1. ## Compression with Pi

I wanted to ask you knowledgeable people about an idea that has been going around in my head for years. I'm nowhere near a compression expert, so please don't jump on me if this is ridiculous for reasons I can't grasp.

My math teacher once told me that it is assumed that the number Pi would contain any kind of combinations of numbers thinkable. So, wouldn't it be possible to transform Pi (or any other endless mathematical constant or combination of a multitude of them) into a binary format and then trying to find matches between the file that needs to be compressed? All that would need to be stored in an archive would be coordinates of the corresponding digits to the chunks that match, not the data itself. Restoring the file would be computationally intense on a massive scale, but shouldn't it be possible to even "extract" huge files from tiny archives this way? Has someone ever thought about this?

2. You're not the first with this idea. It won't work. Instead of a file you'd have to store a single number, a position in the stream of numbers. Usually, this would be so far that the number would be bigger than the file itself.
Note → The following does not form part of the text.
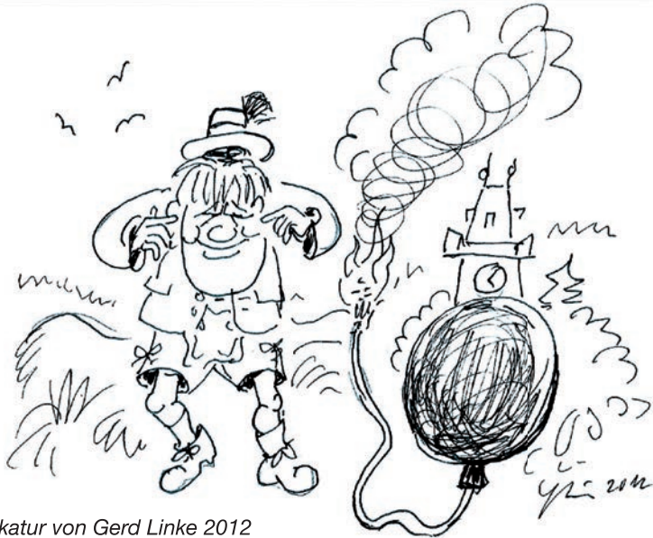
Karikatur von Gerd Linke 2012

3. Thank you for your answer. Yes the number will be bigger than the file itself, but since the number is not stored in the archive, but computed in real time by the archiver this shouldn't be much of a problem. What am I getting wrong here? I'll look into the counting argument.

4. Originally Posted by Mexxi
All that would need to be stored in an archive would be coordinates of the corresponding digits to the chunks that match, not the data itself.
Originally Posted by Mexxi
What am I getting wrong here?
He means those coordinates would be be bigger than original file...

5. That makes sense. I guess the point would be to only use the irrational number as a basis if the coordinates would be smaller than the chunk of data and otherwise leave it uncompressed.

6. You can't compress but you if look at the space of all files. No compressor can compress all files in fact the identity transform is about the best overall compressor for all files.

That said one has to realize we make compressors to compress useful files smaller and hope that few bad files are encountered.

First of all any file can be thought of as a single number since you can bijectively transform between the two sets.

And you can map the set of all pairs of numbers to the set of numbers.

So you could write a bijective file compressor using PI that will cause many files to compress and many files to expand.

So if you find the files that compress are useful then you have your compressor.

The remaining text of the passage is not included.